Sadly, I missed most of the Friday. I spent the morning speaking at a maths conference (I know, right?) on correcting the mistakes made in the name of ‘numeracy across the curriculum’. If you’re interested, I argued that whilst numeracy has a pretty superficial connection with much that goes on in other subjects, mathematical thinking would be a far more powerful way to explicitly teach pupils to filter how they viewed the curriculum. I may blog on this at some point in the future.
Then, channeling the spirit of the John Cleese film Clockwise I had to race across to Wellington in a 1979 VW Campervan. I arrived for my debate with the legendary Dylan Wiliam with about 5 minutes to spare and sweating profusely.
For those who don’t know, I wrote a post earlier in the year in which I set out my ideas on why AfL might be wrong. Generously, Dylan took the time to set out a defence and we subsequently agreed to thrash out our differences in front of a live audience. Not having met Dylan before I wasn’t sure what to expect. There is no doubt that he is a good deal wiser and better read than I – I suspect that if he’d wanted he could easily have made me look foolish. However, I found him as generous in person as he has been online.
This is my position: The ‘big idea’ of formative assessment, that teachers should “Use evidence about learning to adapt teaching and learning to meet student needs” is wrong.
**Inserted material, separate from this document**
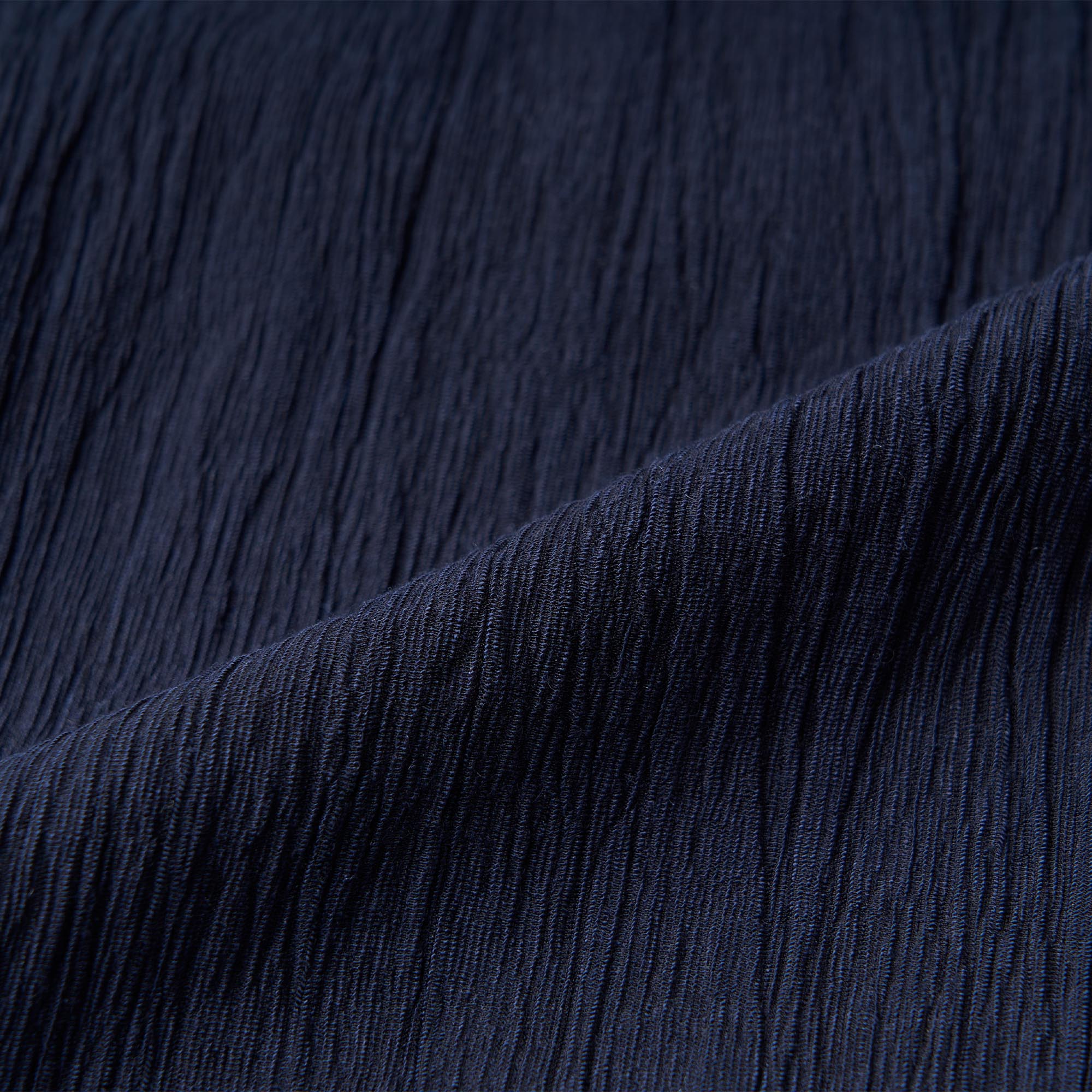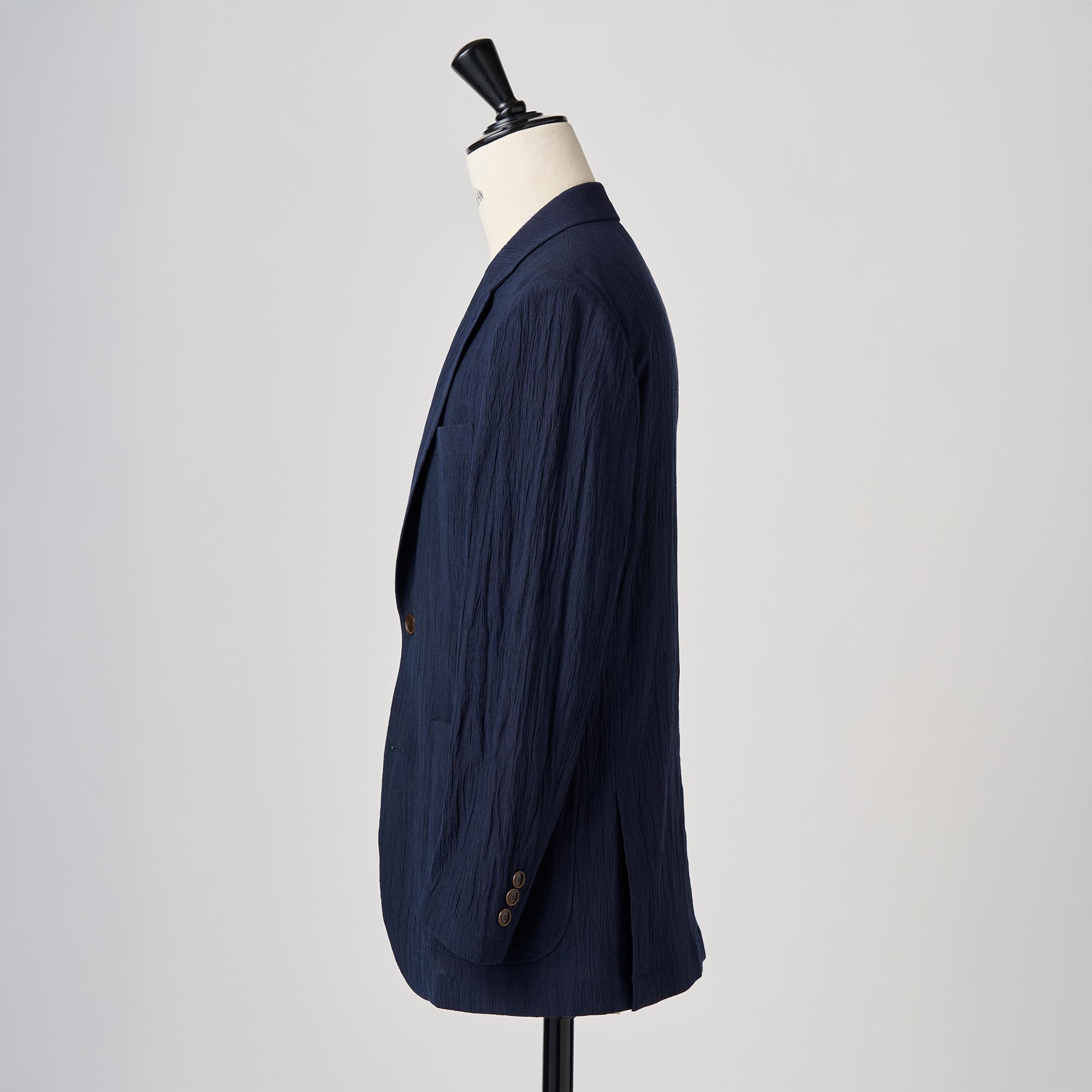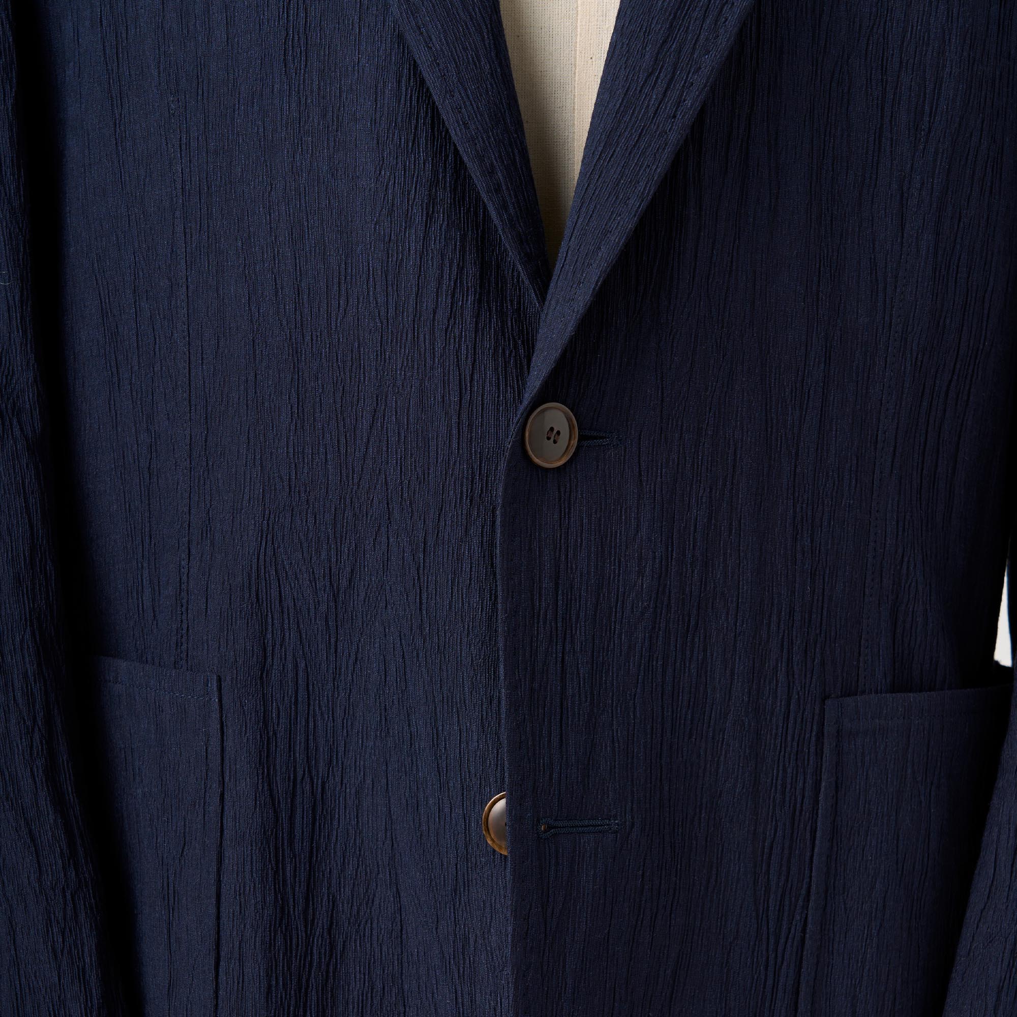 最大の特徴は、生地全体に施された繊細なワッシャー加工。あえて不均一なシワ感を与える事でネイビーの持つ硬い印象を程よく崩し、奥行きのあるナチュラルな表情を引き出しました。

It assumes that you can assess what pupils have learned in an individual lesson, and then adjust future teaching based on this information. But “If nothing has changed in long-term memory, nothing has been learned.”
One of the biggest mistakes that I think we’ve made in teaching is that we can see learning. But, as Robert Bjork tells us, learning is distinct from performance. We cannot see learning because it takes places inside children’s heads; we can only see what they do. If we measure pupils’ performance we can only ever infer what might have been learned, but such inferences are highly problematic for two reasons. Firstly, performance in the classroom is highly dependent on the cues and stimuli provided by the teacher and secondly, performance is a very poor indicator of how well pupils might retain or be able to transfer knowledge or skills.
Dylan has suggested 5 ‘key strategies’ that are required to embed formative assessment. They are:
- Clarifying, sharing, and understanding learning intentions and success criteria
- Eliciting evidence of learners’ achievement
- Providing feedback that moves learning forward
- Activating students as instructional resources for one another
- Activating students as owners of their own learning
Broadly speaking I don’t really have a problem with numbers 1, 3 or 5, but 2 and 4 are more problematic.
The idea that we should spend lesson time on eliciting evidence of learners’ achievement misses the fact that this achievement is only evidence of what they can do in a particular lesson and in no way allows us to work out what they will still be able to do in future lessons because as learning occurs so does forgetting.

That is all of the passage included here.